- #REMOVE DUPLICATE WINDOWS 10 INSTALLATION DRIVERS#
- #REMOVE DUPLICATE WINDOWS 10 INSTALLATION UPDATE#
Instead of using the Microsoft Store to update your apps, you should sideload updates to your line-of-business apps, provision offline-licensed Microsoft Store for Business apps for all users, or have end-users update their apps by using the Microsoft Store on their destination PCs. This package will not function properly in the sysprep image. The following error appears in the Sysprep log files (which you can find at %WINDIR%\System32\Sysprep\Panther): was installed for a user, but not provisioned for all users. Sysprep /generalize requires that all apps are provisioned for all users however, when you update an app from the Microsoft Store, that app becomes tied to the logged in user account. Installing new Microsoft Store apps or updating your existing Microsoft Store apps before generalizing a Windows image will cause Sysprep to fail. If you are using a volume licensing key or a retail product key, you don't have to use SkipRearm because Windows is automatically activated. In previous versions of Windows, you could use the SkipRearm answer file setting to reset the Windows Product Activation clock when running Sysprep. Windows 8.1 and Windows Server 2012 or later Refer the following table: Operating System Version After running Sysprep 1001 times, you must recreate your Windows image. You can run Sysprep command up to 1001 times on a single Windows image.
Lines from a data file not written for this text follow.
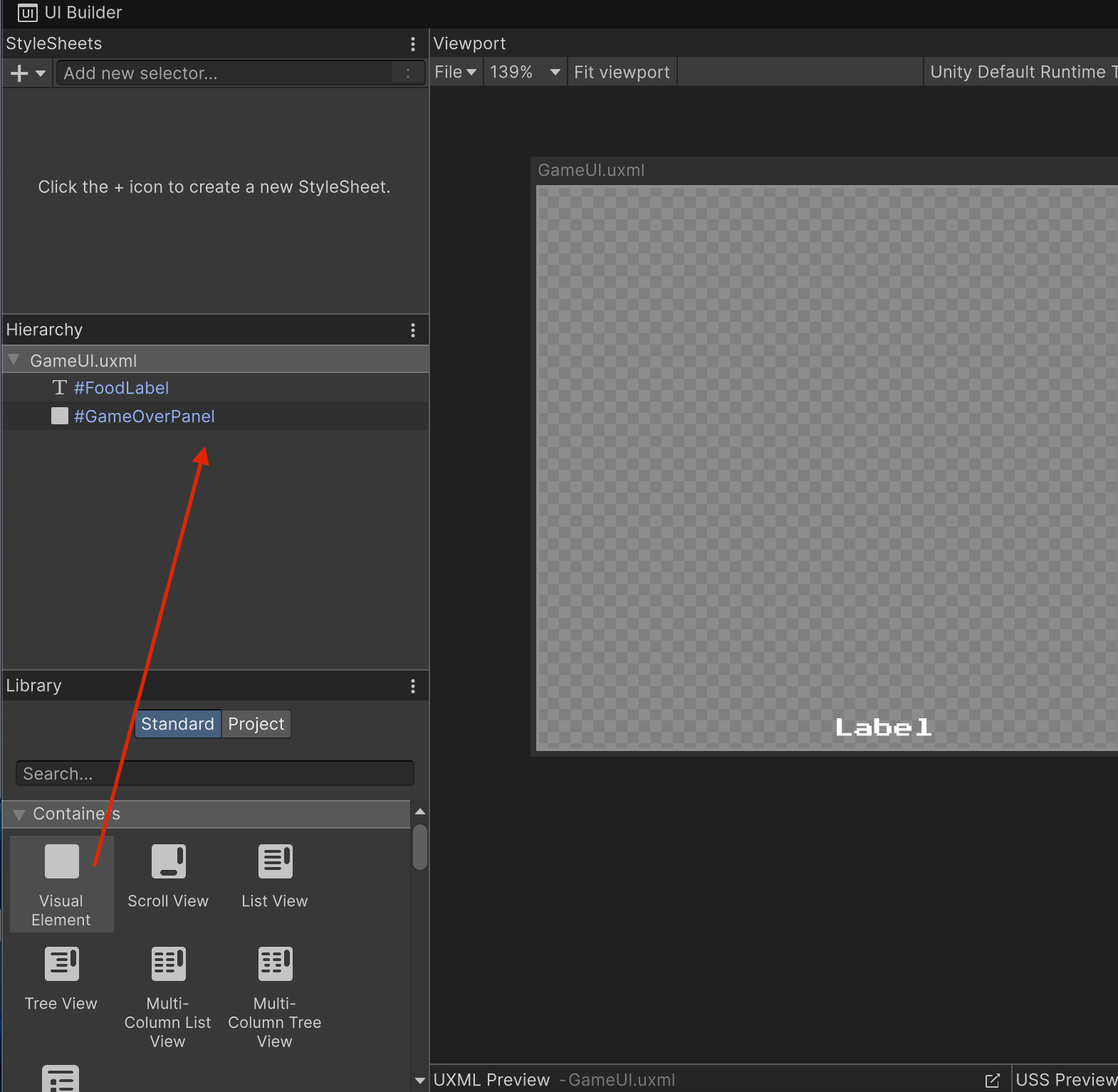 2. In the Library window, in the Containers section, click and drag a VisualElement into the Hierarchy window and rename it “GameOverPanel”.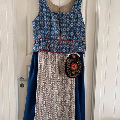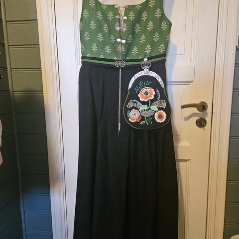 Grønn trønderbunad selges med sølv, veske og kyse. Bunaden er kjøpt brukt av min mor. Tidligere eier har klipt opp ryggen på skjorta. Denne er nå sydd (se bilde) og dette vises ikke under vesten. Skjørt og vest og forkle er sydd sammen men kan lett løsnes. Mye stoff å gå på for tilpasning. Passer ved ca 170 cm høyde.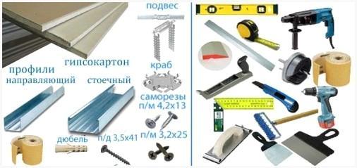 - Элементы для фиксации (дюбеля для крепления каркаса к потолку, саморезы для гипсокартона и профиля);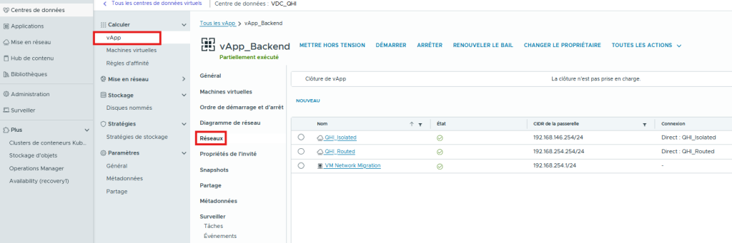 Résultat : suite à l’ajout du réseau dans la vAPP, les VM des vAPP voient tous les réseaux disponibles dans la vAPP.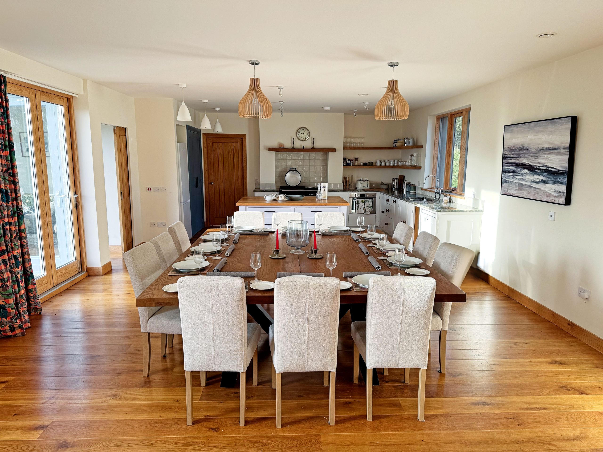 On the ground floor, there are two sitting rooms with large bespoke wood burning fireplace. A spacious open plan kitchen/dinning room form the principle entertainment area. Further facilities include a wet room, a laundry room with washer/dryer and walk-in larder. The house has Starlink wifi, a good stock of books and games.

Limits on how many times you can run Sysprep
For more information about Sysprep-related Windows unattend components, see the Unattended Windows Setup Reference for Microsoft-Windows-PnpSysprep. If you're deploying an image to computers that have identical hardware and devices as the original PC, you can keep devices installed on the computer during system generalization by using an unattend file with Microsoft-Windows-PnpSysprep | PersistAllDeviceInstalls set to true.
#REMOVE DUPLICATE WINDOWS 10 INSTALLATION DRIVERS#
Generalizing a Windows installation uninstalls these configured devices, but doesn't remove device drivers from the PC. When you set up a Windows PC, Windows Setup configures all detected devices. Prevent Sysprep from removing installed devices If a single computer has multiple operating systems, you must run Sysprep on each operating system individually. When you generalize an image, Windows replaces the computer SID only on the operating system volume where you ran Sysprep. Even if you're capturing an image that's going to be deployed to a PC with similar hardware, you still have to generalize the Windows installation to remove unique PC-specific information from a Windows installation, which allows you to safely reuse your image.